Educating Content Teams on Preview Capabilities
It doesn’t matter how robust a preview system is; without the content teams trained to use them effectively, it will fail. Upon releasing a formal preview, organizations should have documentation, video walkthroughs, and live presentations on how to enter preview mode, what the preview pages indicate and what will happen if certain pages or images do not appear. Training is valuable for onboarding and when products are refreshed to ensure utilization. When editors feel confident in a preview system, they’re more invested in the content creation process, create high-quality content, and spend less developer time on validation.
Conclusion: Making Previews an Editorial Priority
Being able to preview content with static site generators connected to a headless CMS requires extensive architecture, logistics, and collaboration between dev and editorial teams. Static Site Generators have a beautiful architecture and performance efficiencies that cannot be matched from charged load times to low server costs to increased security but these bonus features come at a cost, particularly regarding seamless content creation. Editors need the ability, instantly, to see how their content will render and behave on the front-end when working within many headless CMS systems. If they don’t have it, published content could be unusable, misaligned, or ineffective, especially with modular/alternative configurations.

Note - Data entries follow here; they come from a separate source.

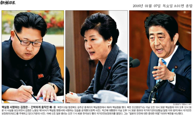 이날 조선일보는 <핵실험 서명하는 김정은...긴박하게 움직인 한일>이라는 제목의 1면 사진설명을 통해 관련 소식을 전했다. 조선은 “아베 신조 일본 총리는 오전 11시40분 한국보다 빨리 국가안전보장회의를 열고 ‘일본 안전에 대한 중대한 위협’이라고 말했다”고 보도했다.
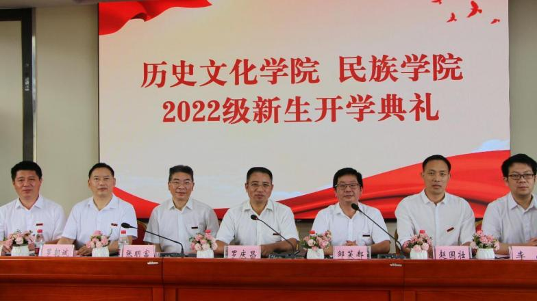 伴随着雄壮的国歌声,开学典礼正式拉开序幕。首先,教师代表张明富教授向2022级新生送上了热情洋溢的欢迎辞。张教授指出,大学教育是高等教育的重要部分,他希望2022级同学珍惜进入大学殿堂深造的机会,鼓励新生培养批判性思维,用奋斗描绘青春的底色,积极锻炼自我,以强健的体魄迎接大学新的挑战。
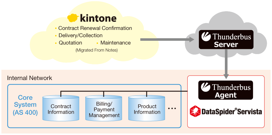 By combining DataSpider's HTTP triggers with kintone and Thunderbus in the cloud, basic information for contracts, billing, and payments in the on-premises systems could be integrated with data for items such as quotation, delivery, collection, and maintenance without needing to use dedicated lines or specialized hardware.
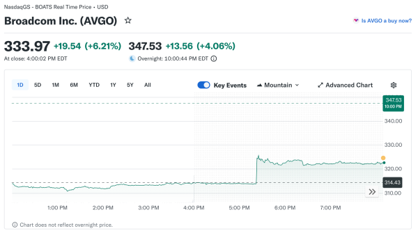 Broadcom’s 5% rally occurred while the S&P 500 spent most of the day down over 1% and the Nasdaq struggled in negative territory. Three factors explain the divergence.
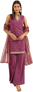 Women's Lavender Viscose Chanderi Straight Kurta with Palazzo and Dupatta
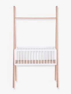 Parc pliant VERTBAUDET en bois de hêtre. Fond de parc en panneaux aglomérés recouverts de mousse et de PVC. Charnières en plastique.

The best preview solutions address the needs of both parties. For developers, it must be secure, scalable, and manageable. For editors, it must be fluid, instantaneous, and dimensional rendering something into reality as not published yet in draft state made possible through preview APIs, rendering logic for in-the-moment previews, and access control measures via roles based on authentication tokens that ensure no unfinished work goes public.
If organizations have the funds to develop extensive, real-time preview functionality via token-based authentication, dynamic routing, and contextual linking while previewing, they have an editorial utopia. Editors can adjust content and approve it, having instant access without waiting on a full build or staging push. It decreases turnaround time and increases trust across teams while allowing for a more agile publishing process.
When successful, preview options take the static nature of static site generators and transform them into a preview palooza they create bridges between backend functionality and frontend usability, making once-headless CMS solutions the platform that truly empowers editors with no sacrifice on scalable coding benefits. Ultimately, it makes the whole solution faster, smarter, and more valuable for digital teams that evolve on a continuous basis.